Write out again the lines from the line with "Quỳnh Hương. |" up to and including the line with "冯先生是海沧天心岛小学一年级", exactly as they stand below, and skip any picture.

ENTRIES PROVIDED:
-*-*-

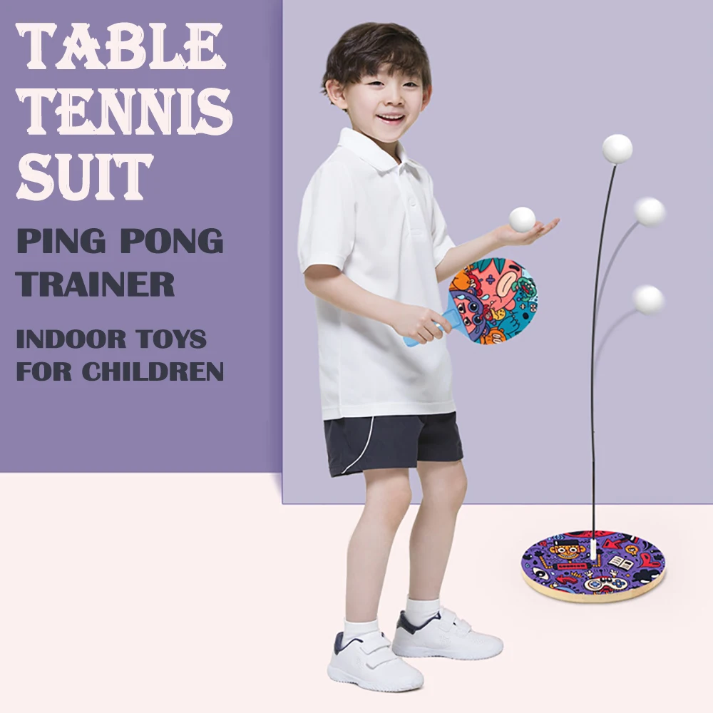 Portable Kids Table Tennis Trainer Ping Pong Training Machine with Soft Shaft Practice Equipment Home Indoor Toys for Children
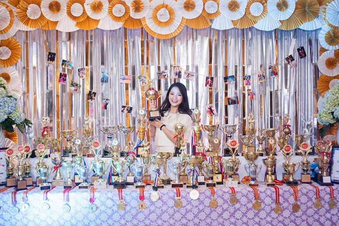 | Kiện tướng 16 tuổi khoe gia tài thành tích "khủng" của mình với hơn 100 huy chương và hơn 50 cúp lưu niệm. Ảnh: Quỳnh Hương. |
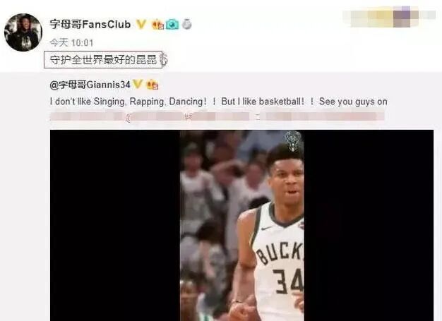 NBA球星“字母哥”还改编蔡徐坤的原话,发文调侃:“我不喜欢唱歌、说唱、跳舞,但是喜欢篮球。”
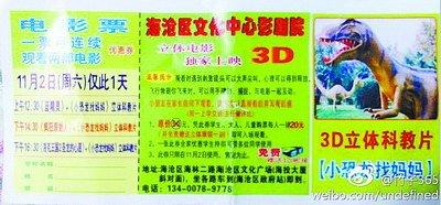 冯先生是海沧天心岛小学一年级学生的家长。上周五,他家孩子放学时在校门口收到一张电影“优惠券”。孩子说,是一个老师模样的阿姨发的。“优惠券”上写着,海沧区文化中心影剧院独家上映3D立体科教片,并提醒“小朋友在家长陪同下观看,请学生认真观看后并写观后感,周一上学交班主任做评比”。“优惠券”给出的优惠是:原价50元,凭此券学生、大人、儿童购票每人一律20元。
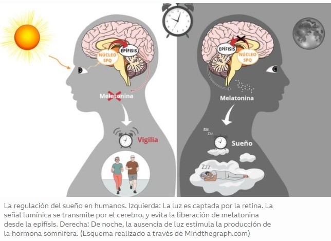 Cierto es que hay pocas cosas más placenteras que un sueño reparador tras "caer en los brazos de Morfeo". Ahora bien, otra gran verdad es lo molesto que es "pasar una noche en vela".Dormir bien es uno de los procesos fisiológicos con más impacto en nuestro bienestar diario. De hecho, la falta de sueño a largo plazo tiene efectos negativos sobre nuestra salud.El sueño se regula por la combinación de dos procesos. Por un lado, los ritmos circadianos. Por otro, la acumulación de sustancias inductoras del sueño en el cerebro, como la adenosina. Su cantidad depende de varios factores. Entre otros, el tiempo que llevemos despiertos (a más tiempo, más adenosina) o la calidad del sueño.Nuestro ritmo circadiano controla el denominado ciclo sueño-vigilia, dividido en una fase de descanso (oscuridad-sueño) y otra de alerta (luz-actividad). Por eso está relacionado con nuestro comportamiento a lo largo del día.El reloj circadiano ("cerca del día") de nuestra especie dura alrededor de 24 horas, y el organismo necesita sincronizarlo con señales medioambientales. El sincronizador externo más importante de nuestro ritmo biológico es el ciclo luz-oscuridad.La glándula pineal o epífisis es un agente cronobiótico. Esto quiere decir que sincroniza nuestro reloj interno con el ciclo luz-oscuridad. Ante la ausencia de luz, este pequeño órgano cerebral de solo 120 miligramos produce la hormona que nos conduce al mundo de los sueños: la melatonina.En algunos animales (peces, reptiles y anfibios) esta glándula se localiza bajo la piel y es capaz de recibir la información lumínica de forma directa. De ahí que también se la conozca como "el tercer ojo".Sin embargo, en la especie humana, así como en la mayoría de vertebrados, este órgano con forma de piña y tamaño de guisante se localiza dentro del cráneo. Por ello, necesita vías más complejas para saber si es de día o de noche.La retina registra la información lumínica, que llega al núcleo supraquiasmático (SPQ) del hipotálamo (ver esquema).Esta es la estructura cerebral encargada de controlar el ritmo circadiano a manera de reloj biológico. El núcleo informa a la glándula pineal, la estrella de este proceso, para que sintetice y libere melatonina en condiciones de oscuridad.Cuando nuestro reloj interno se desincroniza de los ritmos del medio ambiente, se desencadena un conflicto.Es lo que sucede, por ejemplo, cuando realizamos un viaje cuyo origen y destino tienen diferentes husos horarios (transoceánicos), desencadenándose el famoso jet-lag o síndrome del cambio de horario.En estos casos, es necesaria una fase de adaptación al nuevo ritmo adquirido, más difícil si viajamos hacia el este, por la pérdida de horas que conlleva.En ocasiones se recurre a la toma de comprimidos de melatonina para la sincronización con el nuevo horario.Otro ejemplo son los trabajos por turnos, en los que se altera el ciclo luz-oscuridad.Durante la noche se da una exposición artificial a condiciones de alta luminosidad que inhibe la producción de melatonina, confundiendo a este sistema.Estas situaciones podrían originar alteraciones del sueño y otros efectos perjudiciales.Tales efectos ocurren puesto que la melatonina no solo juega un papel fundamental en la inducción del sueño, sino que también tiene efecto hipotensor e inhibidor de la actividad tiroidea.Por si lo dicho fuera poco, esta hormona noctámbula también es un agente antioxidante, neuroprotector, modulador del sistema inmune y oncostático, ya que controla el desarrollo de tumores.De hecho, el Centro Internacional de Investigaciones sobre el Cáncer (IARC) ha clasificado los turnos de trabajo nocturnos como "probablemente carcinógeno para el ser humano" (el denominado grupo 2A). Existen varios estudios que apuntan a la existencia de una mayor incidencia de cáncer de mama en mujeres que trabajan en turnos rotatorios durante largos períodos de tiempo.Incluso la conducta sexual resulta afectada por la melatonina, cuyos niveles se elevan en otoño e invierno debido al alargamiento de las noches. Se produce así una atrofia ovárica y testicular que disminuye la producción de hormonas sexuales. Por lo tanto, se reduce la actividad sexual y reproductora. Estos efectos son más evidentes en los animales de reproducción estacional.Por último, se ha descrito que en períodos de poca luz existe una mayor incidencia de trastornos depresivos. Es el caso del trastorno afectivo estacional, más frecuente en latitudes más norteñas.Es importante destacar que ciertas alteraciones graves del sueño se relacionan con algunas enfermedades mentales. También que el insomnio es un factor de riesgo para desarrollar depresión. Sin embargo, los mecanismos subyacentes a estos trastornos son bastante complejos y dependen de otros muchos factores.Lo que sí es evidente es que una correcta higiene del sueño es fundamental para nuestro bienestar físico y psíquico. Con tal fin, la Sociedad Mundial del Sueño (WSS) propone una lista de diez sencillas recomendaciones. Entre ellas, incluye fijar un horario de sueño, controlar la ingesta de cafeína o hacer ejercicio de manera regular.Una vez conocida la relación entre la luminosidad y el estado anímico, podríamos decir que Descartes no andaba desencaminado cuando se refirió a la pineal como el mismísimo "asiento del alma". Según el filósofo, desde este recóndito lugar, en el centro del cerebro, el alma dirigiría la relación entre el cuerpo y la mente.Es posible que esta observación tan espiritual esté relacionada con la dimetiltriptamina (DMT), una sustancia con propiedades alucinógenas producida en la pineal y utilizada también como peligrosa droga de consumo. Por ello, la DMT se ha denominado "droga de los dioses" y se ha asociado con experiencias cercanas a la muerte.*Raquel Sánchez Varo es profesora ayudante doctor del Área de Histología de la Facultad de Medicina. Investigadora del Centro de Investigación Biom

-*-*-

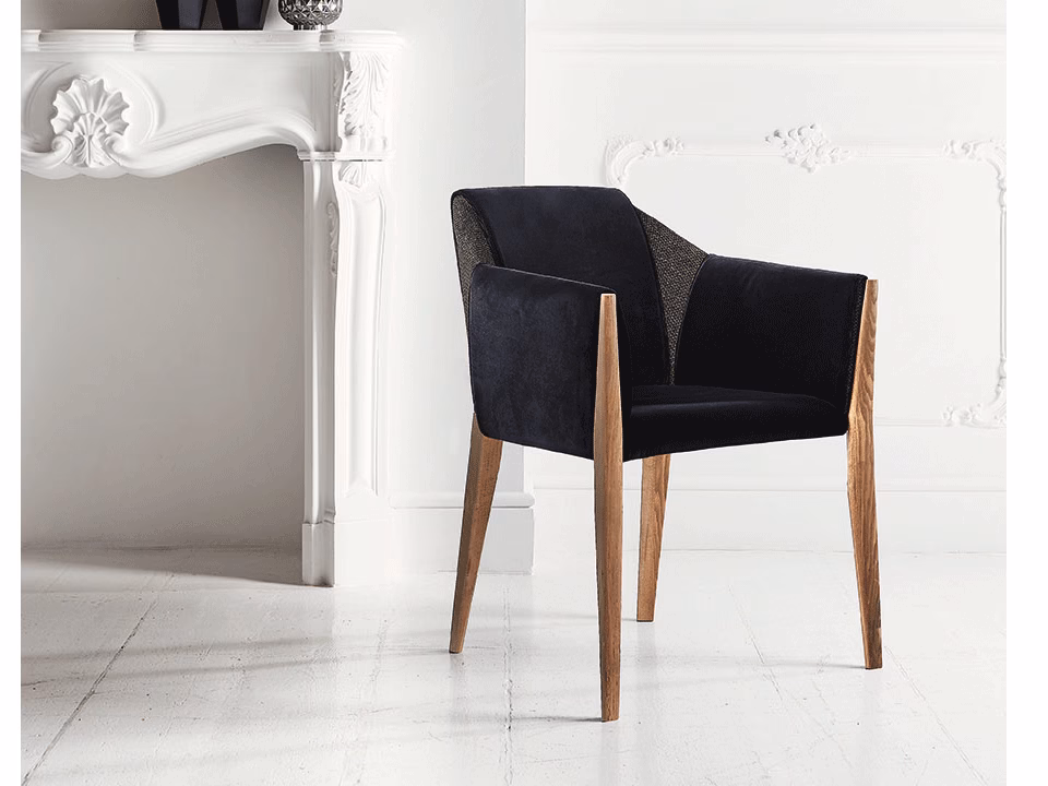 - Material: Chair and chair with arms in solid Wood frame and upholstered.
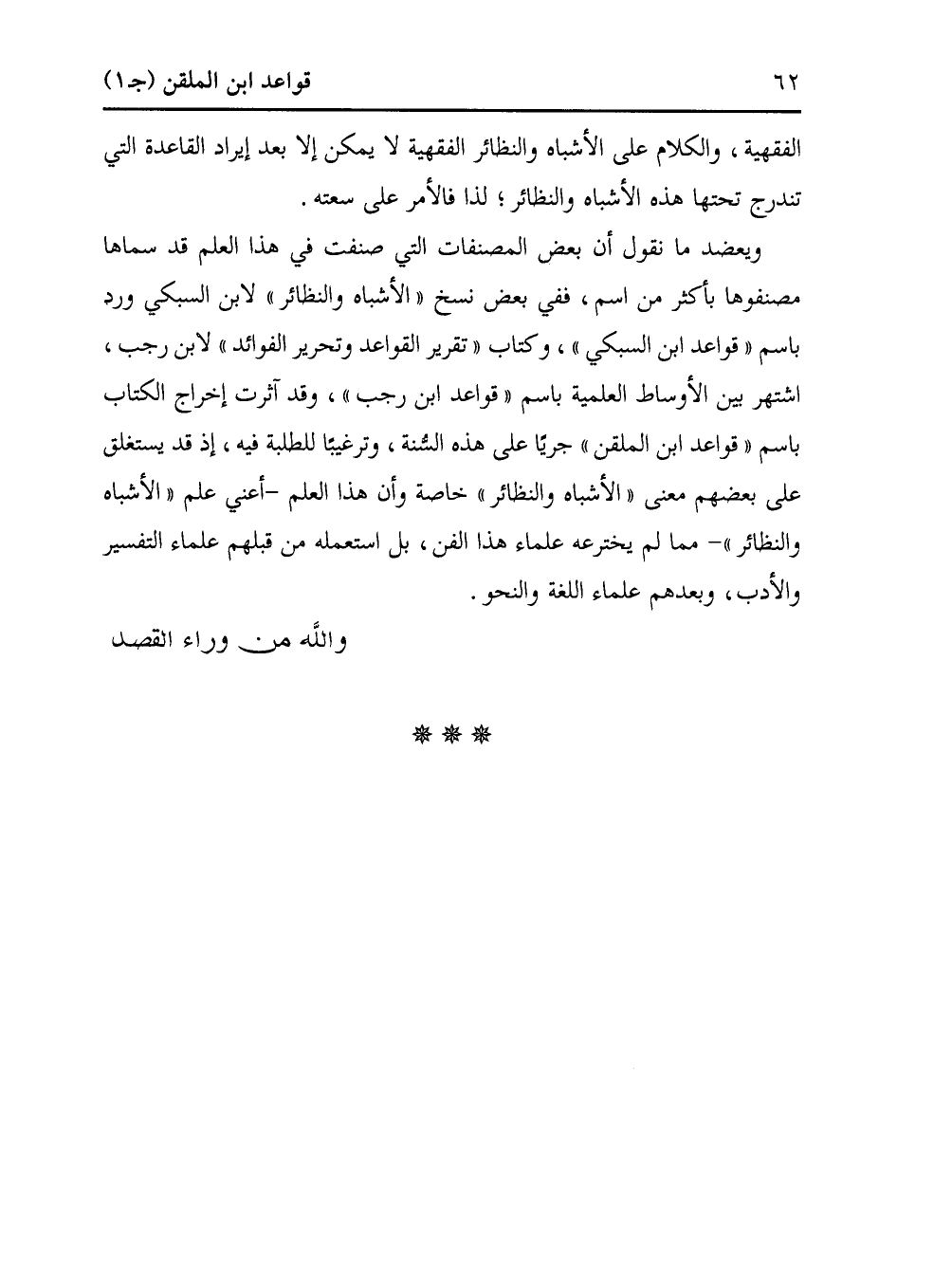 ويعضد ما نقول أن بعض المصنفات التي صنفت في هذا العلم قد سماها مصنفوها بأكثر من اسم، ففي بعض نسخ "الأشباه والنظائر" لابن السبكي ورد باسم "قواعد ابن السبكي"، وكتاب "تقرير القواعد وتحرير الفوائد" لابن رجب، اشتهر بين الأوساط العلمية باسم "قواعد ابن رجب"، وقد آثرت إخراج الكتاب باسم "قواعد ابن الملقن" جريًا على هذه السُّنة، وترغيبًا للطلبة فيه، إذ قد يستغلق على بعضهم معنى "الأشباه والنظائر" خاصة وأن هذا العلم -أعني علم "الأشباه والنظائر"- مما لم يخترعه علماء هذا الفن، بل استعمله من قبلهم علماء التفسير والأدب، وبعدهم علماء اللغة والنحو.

-*-*-

TASK RESPONSE:
 | Kiện tướng 16 tuổi khoe gia tài thành tích "khủng" của mình với hơn 100 huy chương và hơn 50 cúp lưu niệm. Ảnh: Quỳnh Hương. |
 NBA球星“字母哥”还改编蔡徐坤的原话,发文调侃:“我不喜欢唱歌、说唱、跳舞,但是喜欢篮球。”
 冯先生是海沧天心岛小学一年级学生的家长。上周五,他家孩子放学时在校门口收到一张电影“优惠券”。孩子说,是一个老师模样的阿姨发的。“优惠券”上写着,海沧区文化中心影剧院独家上映3D立体科教片,并提醒“小朋友在家长陪同下观看,请学生认真观看后并写观后感,周一上学交班主任做评比”。“优惠券”给出的优惠是:原价50元,凭此券学生、大人、儿童购票每人一律20元。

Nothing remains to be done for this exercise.